However, this type of active control requires precise measurement
and/or monitoring of the TPTR. Further, such active controls add
significant expense to the manufacturing costs. Against this
backdrop the present invention has been developed.
SUMMARY OF THE INVENTION
[0010] It is thus desirable to provide an apparatus for adapting
flying height of a read/write head over a disc due to changes in
temperature in a head disc assembly in a disc drive, which does not
require any active control elements.
[0011] The head disc assembly has a base plate and a top cover
which encloses a drive motor, a disc supported thereon, and an
actuator assembly which transfers data to and from the disc. The
actuator assembly has an actuator arm and a suspension having one
end connected to a slider and an opposite end connected to the
actuator arm. The slider carries the head. At least one shape
memory alloy segment is attached to the suspension for moving the
slider between a contracted state away from the disc when
temperature within the head disc assembly increases and a relaxed
state near the disc when temperature within the head disc assembly
decreases.
[0012] These and various other features as well as advantages which
characterize the present invention will be apparent from a reading
of the following detailed description and a review of the
associated drawings.
BRIEF DESCRIPTION OF THE DRAWINGS
[0013] FIG. 1 is a plan view of a disc drive in accordance with a
preferred embodiment of the invention.
[0014] FIG. 2 is an enlarged partial exploded view of a suspension
with an attached slider, as shown in FIG. 1, incorporating a
preferred embodiment of the present invention.

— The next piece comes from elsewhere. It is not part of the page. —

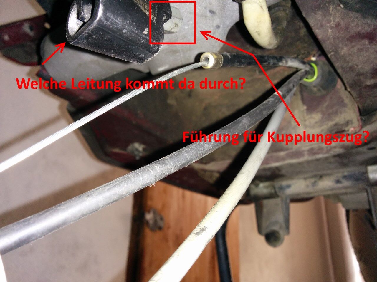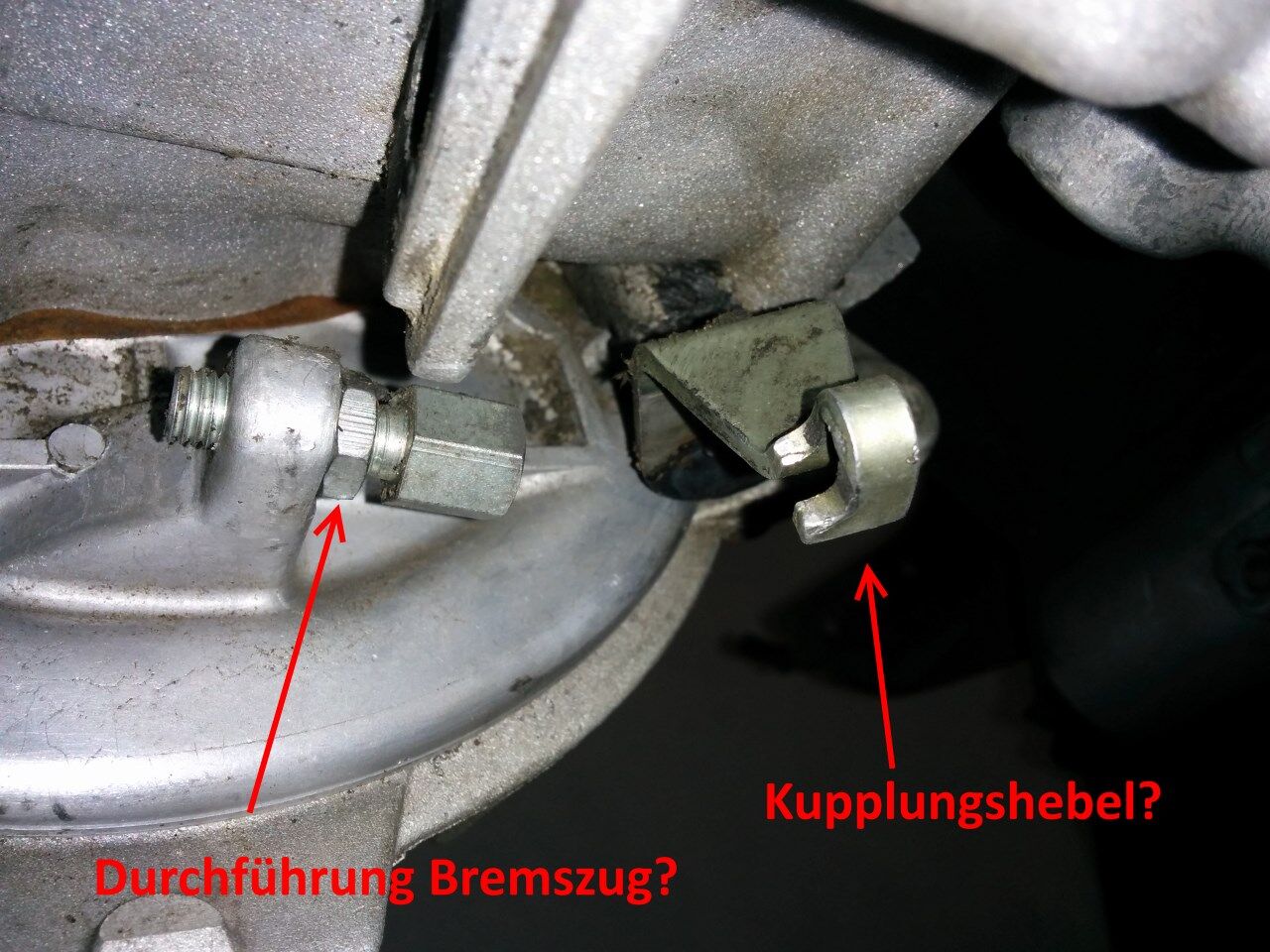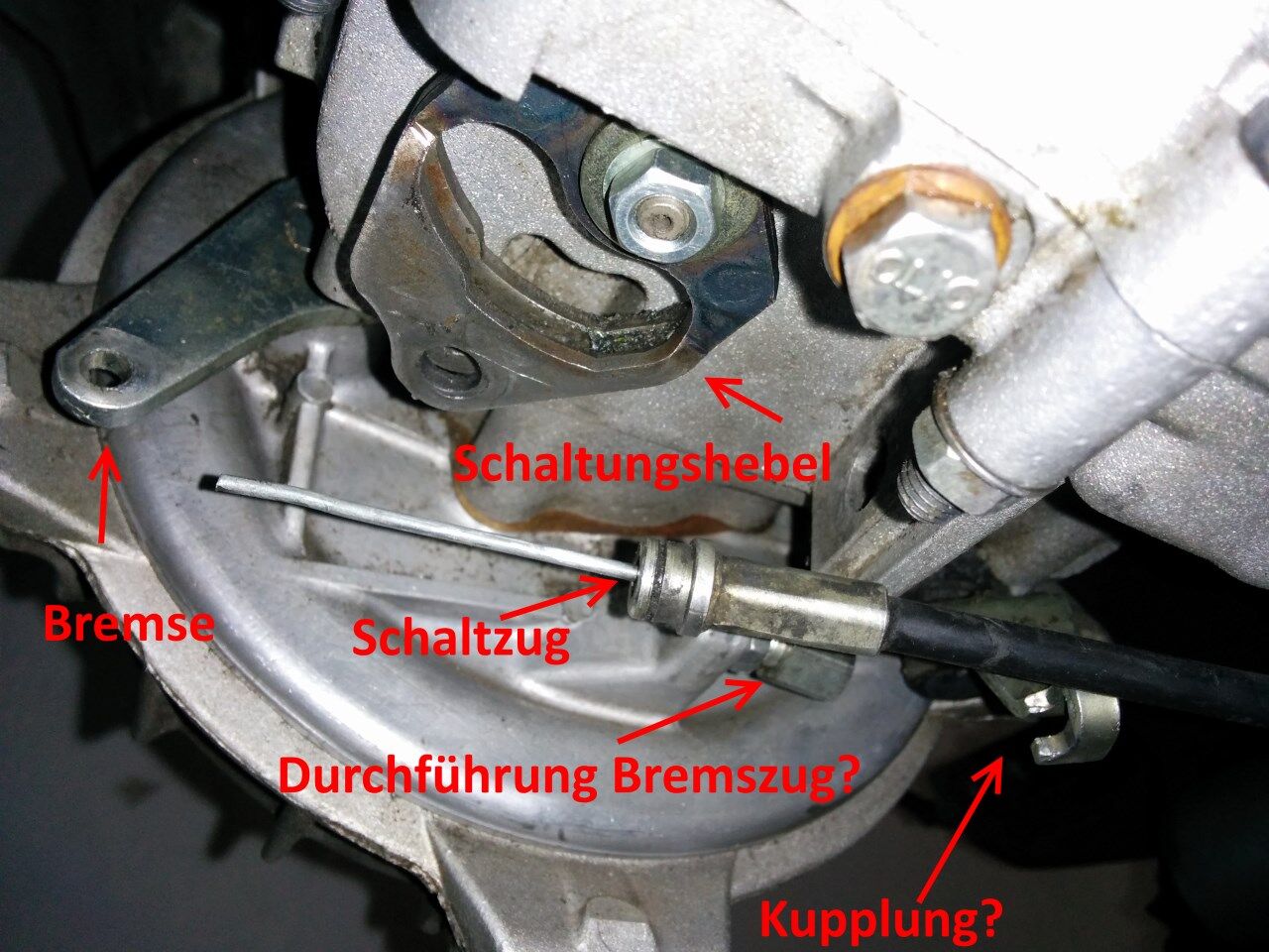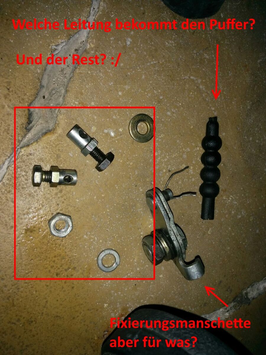 Habe drei Züge, die hinten raus kommen. Kupplung, Bremse und Schaltung. Eine große Schwarze Durchlauf Halterung, wo mindestens ein (oder zwei, oder drei ?) Zug durch soll. Dazu kommt noch eine Art Manschette zur Fixierung einer der drei Züge. Hier weis ich leider gar nicht mehr, welcher hierfür vorgesehen war.

[0015] FIG. 3 is a perspective view of the suspension of FIG. 2 in
a relaxed state.
[0016] FIG. 4 is a perspective view of the suspension of FIG. 2 in
a contracted state.
[0017] FIG. 5 is an exaggerated side view of the suspension of FIG.
3.
[0018] FIG. 6 is an exaggerated side view of the suspension of FIG.
4.
DETAILED DESCRIPTION
[0019] A disc drive 100 constructed in accordance with a preferred
embodiment of the present invention is shown in FIG. 1. The disc
drive 100 includes a base plate 102 to which various components of
the disc drive 100 are mounted. A top cover 103 cooperates with the
base 102 to form an internal, sealed environment for the disc drive
in a conventional manner. The components include a disc drive
spindle motor assembly which includes a spindle motor 104 that
rotates one or more information storage discs 106 at a constant
high speed. Information is written to and read from tracks 108 on
the discs 106 through the use of an actuator assembly 110 which
rotates about a bearing shaft assembly 112 positioned adjacent the
discs 106. The actuator assembly 110 includes a plurality of
actuator arms 114 which extend towards the discs 106, and one or
more suspensions or flexures 116 which extend from each of the
actuator arms 114. Mounted at the distal end of each of the
suspensions 116 is a head (transducer) 118 that includes an air
bearing slider 120 (FIG. 3) enabling the head 118 to fly at a head
flying height in close proximity above the corresponding surface of
the associated information storage disc 106.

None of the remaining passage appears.